16 mai 2025
Tout le weekend se tiendra le Nice Beer Festival,, l’occasion de faire un état des lieux du secteur brassicole qui compte une quarantaine de structures entre le Var et les Alpes-Maritimes. En 2024, en France, 250 établissements ont fermé, soit 10 % des brasseries recensées.

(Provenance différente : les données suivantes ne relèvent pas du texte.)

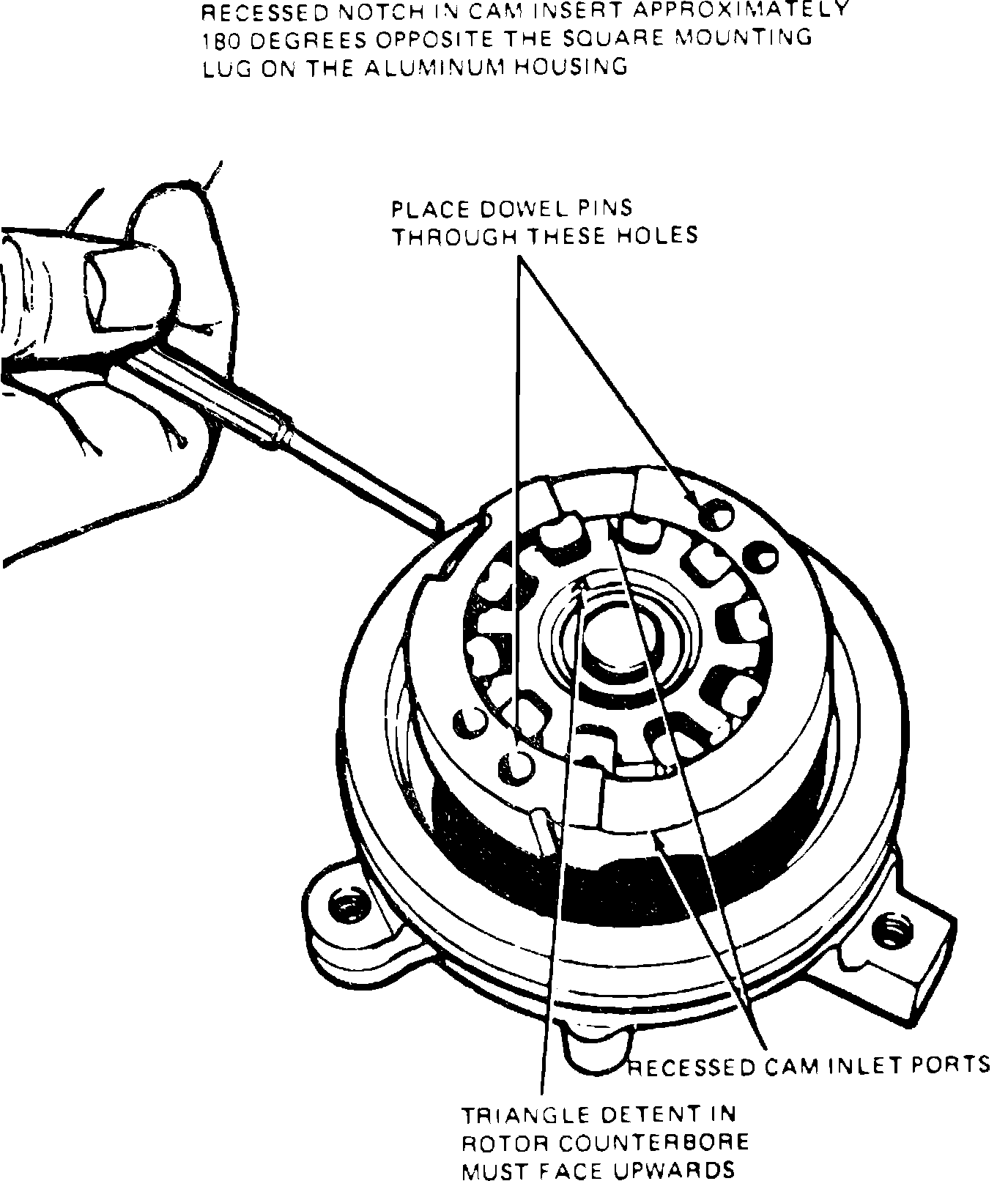 13. Install cam, rotor, rotor and slippers and rotor shaft assembly into pump housing over dowel pins. When installing assembly into pump housing, stepped holes must be used for dowel pins and notch in cam insert must be toward reservoir and approximately 180 degrees opposite square mounting lug on housing, Fig. 6.

L’activité n’a pas été épargnée par la flambée des prix des matières premières et la baisse du pouvoir d’achat. « Le verre a pris entre 30 et 40 % d’augmentation, la sécheresse a impacté les récoltes d’orge. C’est nous qui devons absorber ces hausses de tarifs car on ne peut pas se permettre d’augmenter le prix de nos bières », constate Edwards Dilly vice-président de la BIAM (Brasseries indépendantes azuréennes et maralpines), qui évoque les difficultés mais également la structuration de la filière pour résister aux aléas de la conjoncture. Depuis sa création en 2017, la BIAM s’est étoffée et compte désormais 14 adhérents. Elle s’est notamment ouverte sur l’Est varois. L’état d’esprit des brasseurs reste l’union autour de projets locaux. « Depuis deux ans, une quarantaine de sociétaires (agriculteurs, brasseries, collectivités) s’est regroupée pour créer une malterie dans le 04 à Sisteron et amorcer une filière 100 % régionale. On voudrait également aider les agriculteurs à valoriser leur blé en le transformant en malte. » Edwards Dilly a confiance dans cette stratégie d’ancrage régional. Les 14 brasseries de la BIAM emploient 64 salariés. En France, en cinq ans, la consommation de bière artisanale est passée de 2 à 8 %. La brasserie artisanale, c’est 7 % des produits vendus et 80 % des emplois de la filière brassicole. Les brasseurs indépendants innovent perpétuellement pour maintenir le cap. Ce que résume Edwards Dilly en quelques mots : « Notre force, c’est notre souplesse. »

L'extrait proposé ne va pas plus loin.